Summary of Moll Flanders
Moll Flanders is born in Newgate Prison. Her mother is eventually transferred to the North American colonies, so Moll is raised by a foster mother from the age of 3. She becomes her foster family's servant, and both of the sons are in love with her. The elder brother convinces her to share his bed but prefers she marries the younger brother instead. Moll does and is left a widow after he dies five years into the marriage. She passes her children's guardianship to her in-laws and begins her first con: She presents herself as a rich widow to attract a man to marry and provide her with the security she needs.
In the 17th century, when the story of Moll Flanders takes place, the colonies in North America were controlled by England, France, and Spain. Prisoners were sometimes sent to the colonies from England where they could buy land and live freely to avoid execution. This is why Moll's mother and eventually Moll are sent to the colonies.
The first man she marries goes bankrupt and flees Europe, where she is left alone. Their only child dies, and he encourages her to forget him. Soon, Moll marries a man that takes her to the Virginia colony. She is even introduced to his mother, and together Moll and her second husband have three children. To Moll's horror, she finds out her mother-in-law is indeed her biological mother and that she was married to her half-brother.
Moll flees and returns to England without her children. She goes to Bath where she meets a married man. The married man has a confined wife, who is confined for her insanity. They develop an intimate relationship that results in three children, most of whom die. He repeatedly falls ill and takes it as a sign to repent his sins and break off the affair. He returns to his wife but agrees to care for his and Moll's only living child.
Moll finds a bank clerk. The bank clerk is married to an adulterous woman and proposes to Moll who is now 42. She entrusts him with all of her finances. She cannot marry the bank clerk until he is divorced, so she continues her wealthy widow scheme and traps a wealthy man in Lancashire. A new friend of Moll's even confirms Moll's wealthy social status, despite it being false. Moll marries the rich man who owns land in Ireland. However, Moll and the wealthy man quickly realize Moll's new friend conned them both. Moll's new friend made Moll think the wealthy man was rich and Moll's new friend made the wealthy man think Moll was rich.

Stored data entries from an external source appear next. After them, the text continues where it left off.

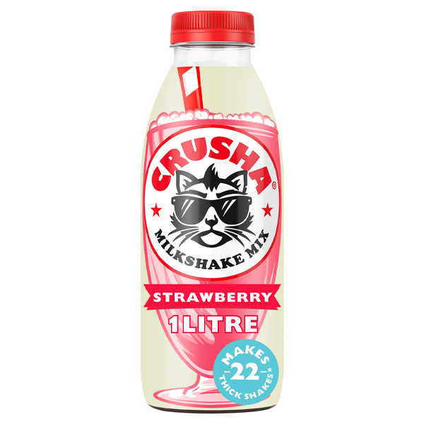 Crusha strawberry flavour milkshake mix with sugar and sweetener.
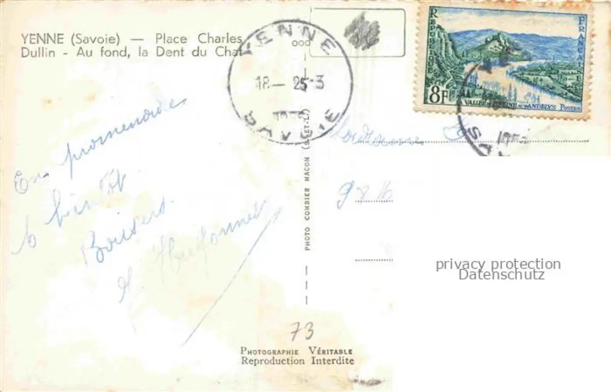14106102 Yenne Chambery 73 Savoie Place Charles Dullin au fond la Dent du Chat Alpes postalisch gelaufen Erhaltung siehe scans [FriedD77] carte postale Frie Katcode 11170073273330
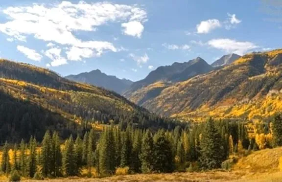 In a forest of aspen and spruce with sweeping vistas of peaks and wildflower meadows.
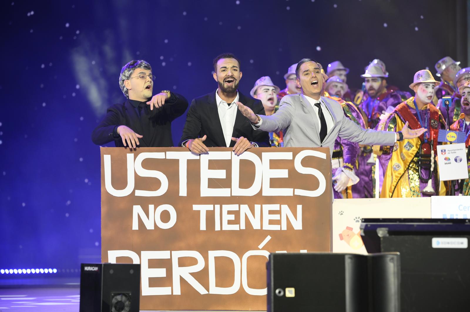 Además, Isidro Morales, de Melindrosos, ha sido distinguido con el Premio Definitivamente Yo, Los Serenuenquenes han conseguido el Premio Carmelo ‘El Pariente’ y Los Legañosos se ha llevado el Premio El Criticón. Todo, para cerrar una larga velada de murgas y un no menos intenso concurso (con tres fases previas, celebradas el lunes, el martes y el miércoles), patrocinado íntegramente por la firma Lidl.
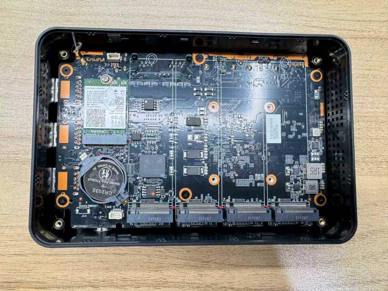 Check out the photo below! You’ll see that this device has four NVMe 2280 slots for storage. Plus, there’s a place for a Wi-Fi/Bluetooth card if you want to add that, too. And since each NVMe can support up to 4TB, so you can potentially expand your storage up to 16TB!
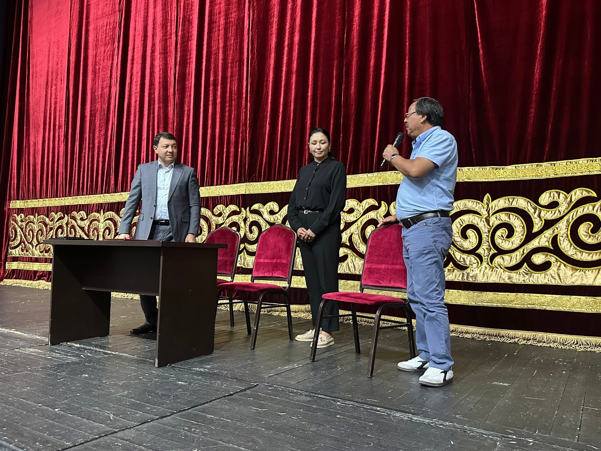 Альбина Имашеваны театрдын жамаатына маданият министри Мирбек Мамбеталиев тааныштырып, жоопкерчиликтүү ишине ийгилик каалады.

The wealthy man decides to end the marriage but promises to leave his money to her. They part ways, but soon Moll learns she is pregnant. Unable to afford to care for her child, Moll sells her newborn child to a country lady for 5 pounds a year. Moll returns to the now divorced bank clerk, and they marry. Despite Moll's guilt in tricking an innocent man to marry her, they live happily for five years. However, after falling bankrupt, he dies.

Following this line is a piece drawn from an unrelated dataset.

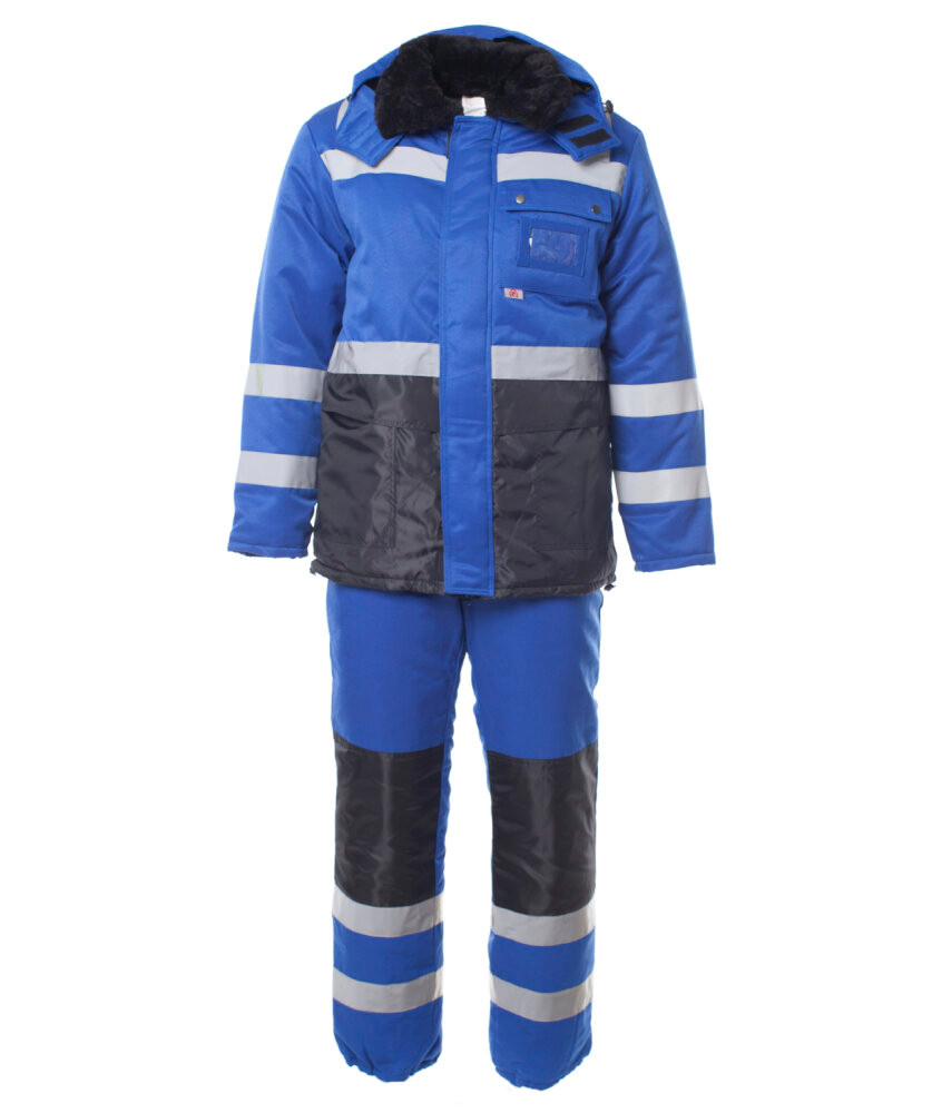 Костюм с вставками и усилительными накладками из водоотталкивающей ткани, усиленный пакет утеплителя, ветрозащитная прокладка под тканью верха, нагрудный карман с окном под бейдж, нижними накладными карманами и внутренним карманом на подкладке, центральная застежка куртки на молнию, закрытую ветрозащитной планкой на липучку, съёмный капюшон с регулировкой объёма по лицевой части,и возможность использования капюшона на каску, меховой воротник, регулировка ширины изделия по талии и низу куртки, трикотажные манжеты по низу рукавов и низу полукомбинезона подкладки, накладные карманы на передних половинках п-к, усилительные накладки в области колен из водоотталкивающей ткани, в костюме используется световозвращающия лента.

Moll has no option now other than to become a professional thief. She uses her skills of beauty and charm and reaches financial stability. Moll is joined by her governess, and the two become very successful thieves. The governess had been a successful thief prior to meeting Moll and is able to help Moll in her schemes. Moll is caught stealing by two maids and is sent to Newgate prison. In prison, she is reunited with her soulmate: the wealthy Lancashire man. He was imprisoned for robbing.
Moll is sentenced to death on the charge of a felony, but she convinces the minister that she repents her sins. The minister accepts her repentance, and Moll and her Lancashire husband are sent to the colonies, where they will avoid death. She lives happily in the colonies with her husband. While there, she learns that her mother left her a plantation. She also learns her brother-husband and their remaining son are still alive.

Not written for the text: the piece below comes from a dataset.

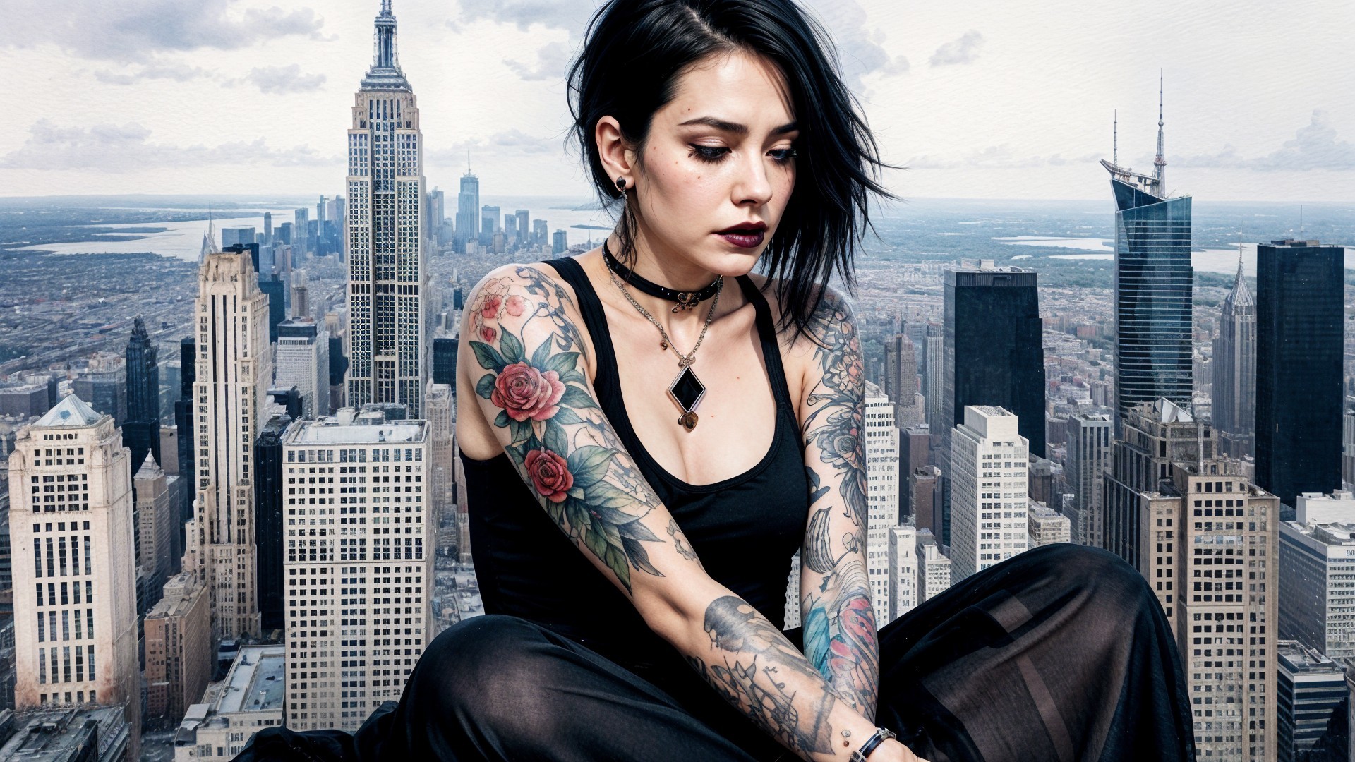 A tattooed woman in a black dress sits pensively against a vibrant cityscape, with skyscrapers and the Empire State Building in the background, evoking a blend of urban and artistic vibes.

She disguises herself and introduces herself to her brother-husband and son. She learns that they both own a 50 servant farm in Maryland. Moll reveals to her son that she is his mother, and he gives her Moll's mother's inheritance. The inheritance includes a farm and a 100 pound a year income. She makes her son the heir and gives him a stolen golden watch.
Moll's brother-husband dies, and so Moll tells her Lancashire husband everything. He is not bothered and sees no fault in her action. At the age of 70, Moll returns to England with her Lancashire husband. Both feel truly repent for their wicked ways.
Characters in Moll Flanders
Moll is the protagonist of Moll Flanders, and a majority of the characters that appear in the novel are her many husbands and people she has affairs with. Below you will find a chart that will help you keep track of Moll's many affairs.
Moll herself is an interesting character. She believes that if England had a better system for caring for orphaned children, she would not have been led into a life of crime. Therefore, poor girls have to do everything they can to survive. Despite the vanity we see in Moll, her fear of poverty is what motivates her to commit crimes. It is also important to note, that Moll Flanders is an alias the protagonist uses to protect her identity.
Other characters include Moll's mother and Moll's many children. The most prominent child that is mentioned is Moll's only living son with her husband-brother. Moll's mother can be seen as the origin of Moll's criminal ways, as it was her mother's imprisonment that left Moll an orphan, and according to Moll's logic, girls who are poor will do anything to leave poverty.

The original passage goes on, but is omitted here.